Буквенный угар | страница 63



Даже сейчас я не могу спокойно читать этот «детский плач». А может, мне льстило, что он так рванулся за мной? О, конечно, не без того, но главное — не это…

Все, что происходило с ним, отзывалось во мне непостижимым образом. Словно пуповина какая-то связывала. Пуповина? В отношениях «мужчина — женщина» — пуповина? Ах, случайных слов не бывает…

* * *

«…Игорь, каждому из нас больно своей собственной болью. Но когда я читала Ваш рассказ, мне стало больно и Вашей.

Только поймите, поймите же, я не смогу Вам помогать, как раньше, обнаружив, что люблю Вас. Так вот стремительно упала в Вас.

Застигла себя врасплох на чувстве. Вам от меня теперь никакого толка, одна обуза, а я ненавижу быть в тягость.

Что же мне делать, морской волк, что?.. Я не умею выплывать из виртуальных бурь, для меня границы четкой нет меж реальным и виртуальным…».

* * *

Иногда я пишу в дневник то, что приходит в голову мне, но словно бы и не мое.

Что-то такое, создающее холодный фон для всего происходящего. Запись того же дня:

«…И вот что странно, это никакая не любовь меня постигла, я теперь точно знаю, это МОРОК.

Или, возможно, я вкладывала столько сил в то, чтобы его отогреть, отдышать, что полюбила свой вклад в него. Простой механизм — „где сокровище ваше, там и сердце ваше“.

Ну, это хорошо для нас обоих, что я поняла. Объясню, ему полегчает.

Ведь тогда ему можно будет продолжать пастись на моих терапевтических лужках. Ему еще немножко-немножко, и он окрепнет.

Ведь ему и правда хреново живется.

Оттого и ершится, и мечется, и перебирает, и тянется за каждым манком.

Такой жалобный ребенок со своим бортовым журналом.

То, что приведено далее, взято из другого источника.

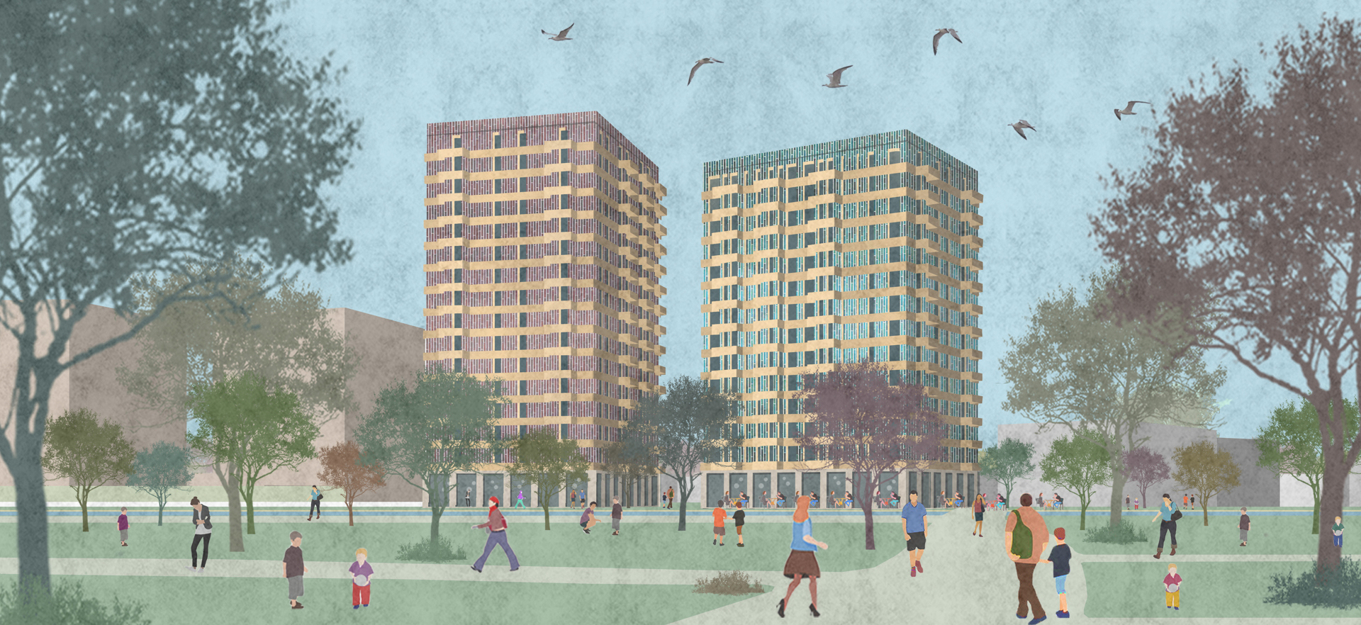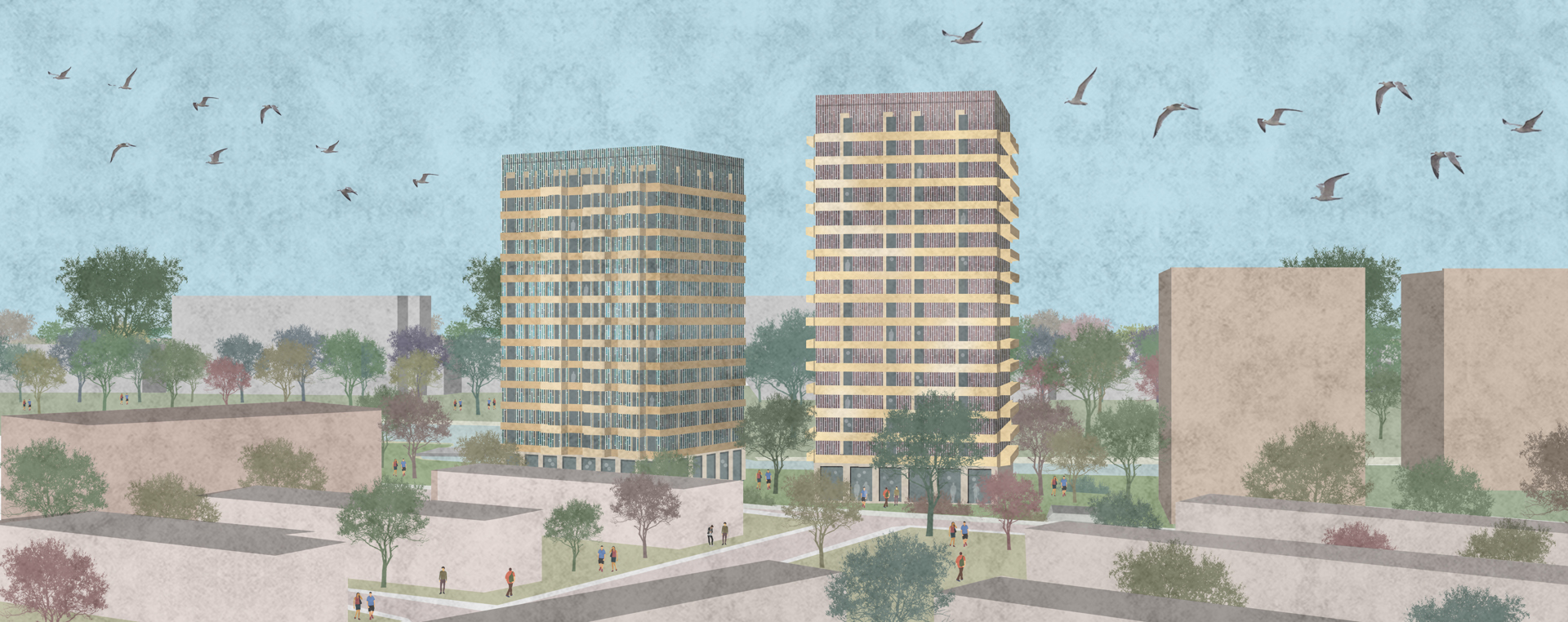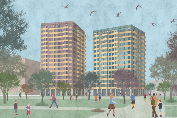 De nieuwbouw bestaat uit twee woontorens van 14 en 16 verdiepingen hoog, dat is hoger dan de 8 en 10 verdiepingen nu. De woontorens liggen in een groene omgeving tussen woonbuurten en Centrum. De maximale hoogte van de torens is bekend: de noordelijke toren wordt 16 lagen (ca. 50 meter), de zuidelijke toren wordt 14 lagen (ca. 45 meter). Hoe de gebouwen eruit komen te zien, is nu nog niet bekend. Wel vinden we het belangrijk dat de woontorens een aantrekkelijk markeringspunt vormen van de entree naar het park. Mooie nieuwbouw is een verbetering voor deze unieke plek aan de rand het park.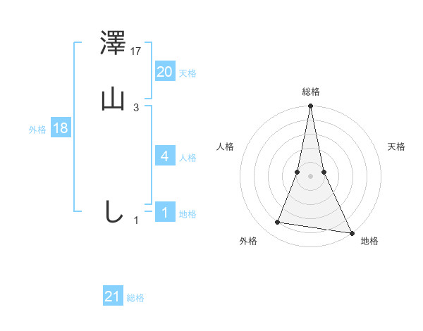 澤山 しさんの総格は21画の5点!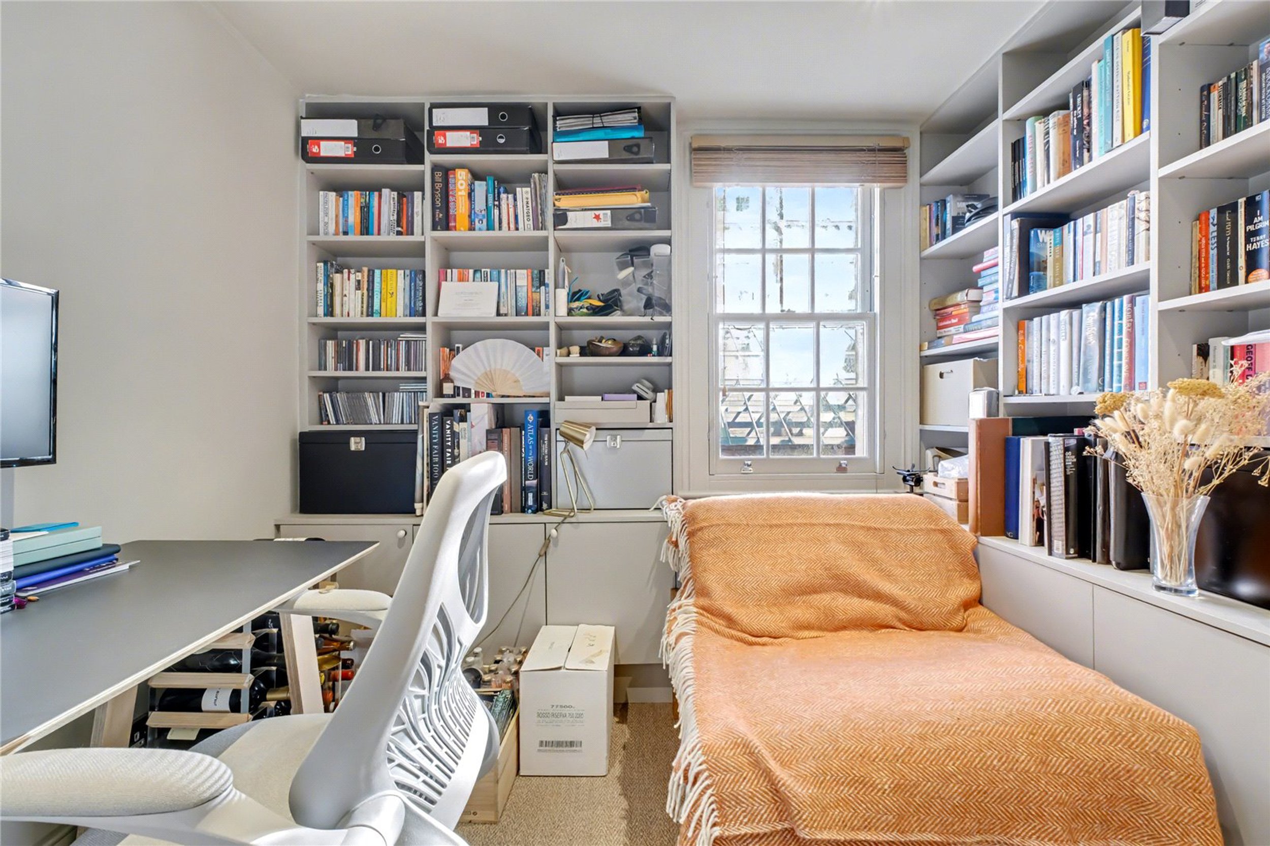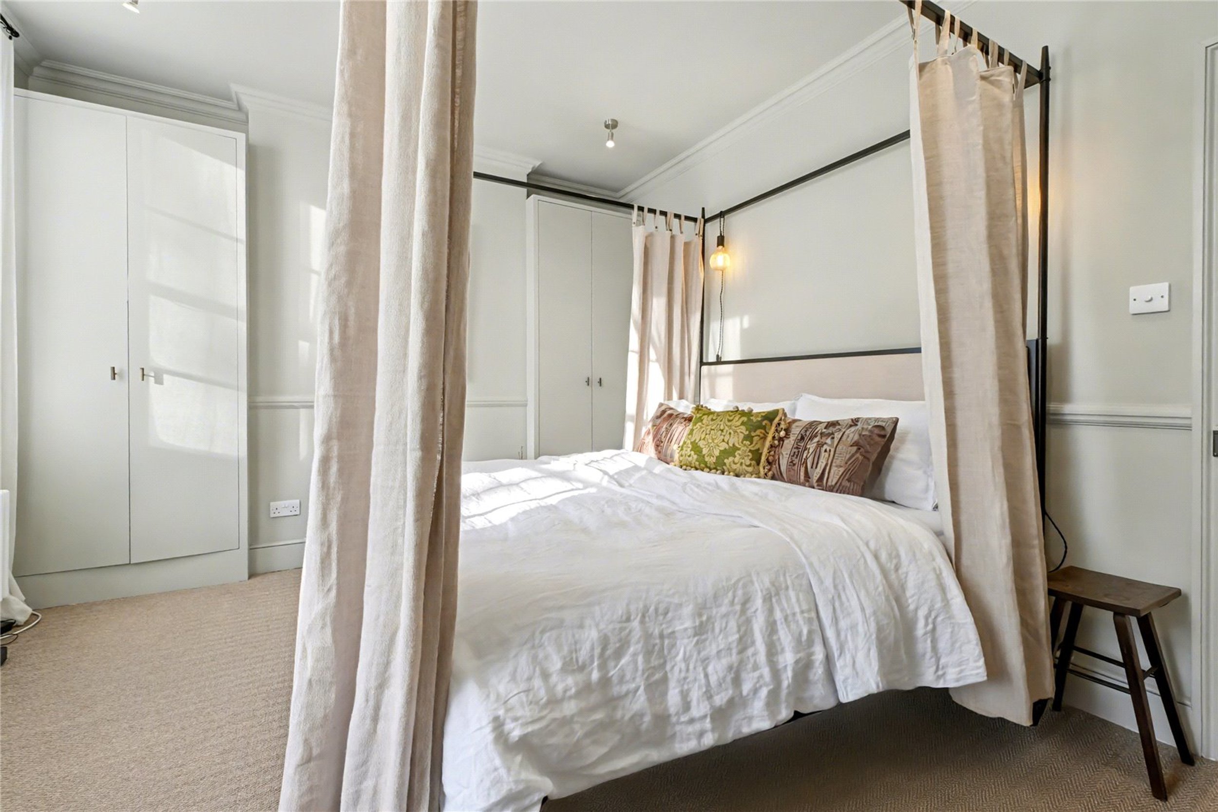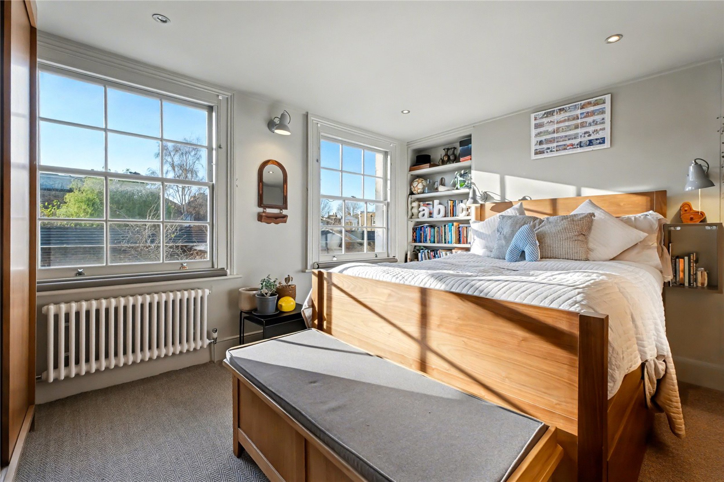 The principal bedroom is situated on the first floor and features high ceilings and built-in storage. Next to it is a stylish bathroom finished to an excellent standard, complete with generous storage. The second floor offers two further well-proportioned bedrooms, both with additional built-in storage. At the rear of the property is an 18-foot garden that provides a lovely outdoor space ideal for hosting or relaxing.

А с меня не убудет…».

* * *

«…Я, кажется, поняла, что со мной произошло, Игорь.

Никакая это не влюбленность.

Это феномен накопления душевных вложений в другого человека.

Просто в Вас перетекла часть моей души, лучшая ее часть, сокровищная.

А знаете же евангельский прототип: „Где сокровище ваше — там и сердце ваше“.

Такой механизм вектора притяжения.

Вот и все.

Видимо, мое существо рванулось за моей душевной эманацией, когда та достигла некоей критической массы в Вас.

А сейчас, когда в голове прояснилось, маятник качнулся назад, никаких других признаков болезни „любовь“ во мне не проявилось, я успокоилась. Я не влюблена.

Вы очень сильный, очень. И достойный. И умный.

Я, конечно, дура — подняла панику, не разобравшись в себе. Но вы, зная, что у меня в анамнезе, понимаете меня, правда же? Страх боли у меня еще долго будет доминировать.